Экзистирующее мышление операционально и технично. Подобно тому, как тело шамана собирается из различий, отношения этого тела с миром формируются в действиях с сопричастными телу объектами, т.е. отношениях, этот мир формирующих, образующих и организующих. Подобно тому, как формы культуры определяется в мифах и текстах фольклора, сами формы фольклора опосредованы структурами языкового сознания, т.е. характером или синтаксисом языка. У истоков языкового сознания лежит опыт экзистирующего сознания, опыт утверждений и отрицаний, восприятий и отторжений.

Структуры действия, языка и сознания, позволяет опыту человека, трансформироваться в опыт сознания, который может быть только опытом сознательной деятельности. Одна из ранних форм языка в этой связи совершенно не случайно получила название эргативного строя языка. В контенсивной типологии языков обширная группа эргативных языков занимает уникальное положение. Исследование этой группы языков позволяет обратиться к истокам языкового сознания и тому его этапу, который имеет отношение к исследуемой нами проблематике.

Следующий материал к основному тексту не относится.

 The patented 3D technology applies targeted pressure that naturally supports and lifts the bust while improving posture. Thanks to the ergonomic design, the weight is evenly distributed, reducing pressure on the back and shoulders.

К эргативным языкам12 относятся множество языков народов, образующих телесную ткань и определяющих культурный облик Российской цивилизации. Все они принадлежат к обширным ареалам взаимодействий со славянскими народами: это значительная доля кавказских языков, чукотско-камчатских, эскимосско-алеутских, индейских языков. К числу эргативных относятся языки многих народов мира: ближневосточных, папуасских, австралийских, северо-американских и мезоамериканских. Но семантика эргативности имеет гораздо более существенное распространение нежели эргативный синтаксис. Она присутствует во всех индоевропейских, ее содержание подучает выражение в формах пассивного залога. Наиболее широко представлена в славянских, прежде всего, восточнославянских языках, включая русский, не смотря на номинативный характер этих языков. На каком-то этапе элементы эргативного синтаксиса фиксировались в древнегреческом и латинском языках (Ю. С. Степанов), где они строились из пассивных конструкций, но пассивными по существу эргативные глаголы на являются.

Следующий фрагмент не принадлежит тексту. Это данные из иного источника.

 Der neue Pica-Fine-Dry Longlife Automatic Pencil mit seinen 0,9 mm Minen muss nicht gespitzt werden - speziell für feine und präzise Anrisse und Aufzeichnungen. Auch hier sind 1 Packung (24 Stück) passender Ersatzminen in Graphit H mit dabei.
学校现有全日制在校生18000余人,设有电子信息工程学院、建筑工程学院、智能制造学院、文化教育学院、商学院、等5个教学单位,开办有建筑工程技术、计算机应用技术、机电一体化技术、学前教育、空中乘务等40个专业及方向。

Синтаксически эргативность выражается корреляцией эргативной и абсолютной конструкций предложения, а также специфическим составом дополнений. Эргативные языки, или языки эргативного строя (от др.-греч. ἐργάτης «деятельный, действующий»), – это языки, в грамматике которых определяющим принципом является не противопоставление субъекта и объекта, как в современных языках номинативного строя, а противопоставление агенса (производителя действия) и пациенса (носителя действия) или агентива (производителя действия) и фактитива (обладателя действия). Эксперименты в среде носителей современных эргативных языков (ительмены, один из народов чукотско-камчатской языковой группы) выявили любопытный феномен «элиминация одного из имен в абс. падеже дает эллиптическую конструкцию, в которой оставшееся имя всегда будет выражать субъект действия». Другими словами, перед нами ситуация, которую можно определить как «действие без деятеля».13

Ю. Г. Курилович передаёт различие между эргативной и номинативной конструкциями посредством сопоставления примеров Женщиной варится мясо и Женщина варит мясо. По его мнению, в эргативной конструкции больший акцент делается на patiens, чем на agens.14 Д. В. Бубрих сравнивает эргативные конструкции с русскими высказываниями типа Медведь стариком / у старика / старику поймался, Медведь пошёлся (Бубрих, 1946, с. 206)15.

В. Н. Сидоров и И. С. Ильинская полагают, что переходное действие в эргативных языках лучше всего передаётся русскими конструкциями типа Отцом дано детям по груше и По груше упало с дерева, то есть без использования винительного падежа и, соответственно, переходных глаголов (Сидоров, Ильинская, 1949, с. 349-350).

Примеры эргативного синтаксиса содержатся в жанре практических наставлений в повелительном наклонении. Наставления и инструкции, привычные для нас в формах инфинитива, предписывающих определенный способ или перечень действий, в эргативных языках закреплен в эргативных синтаксических конструкциях. В ительменском языке именно наставления по приготовлению пищи дают наглядные образчики эргативного синтаксиса. Так, приготовление килыкила (одного из блюд традиционной ительменской кухни) включает перечисление нескольких последовательных операций. Каждая представляет собой перформативного типа выражение:

«Перевод: «1) Килыкил делают из рыбы (и) из мозгов. 2) Рыбу отваривают, растирают, кладут туда шикшу (болотная ягода), заливают жиром. 3) Нерпичий жир растапливаю т (и) обильно заливают килыкил. 4) Так же делают килыкил из мозгов. 5) Из картофеля тоже делают килыкил. 6) Картофель отваривают, растирают, кладут туда пикшу (и) заливают жиром. 7) Килыкил делают дома (и) в лесу, где работают». А. Н. Володин дает следующую характеристику семантики эргативного предложения.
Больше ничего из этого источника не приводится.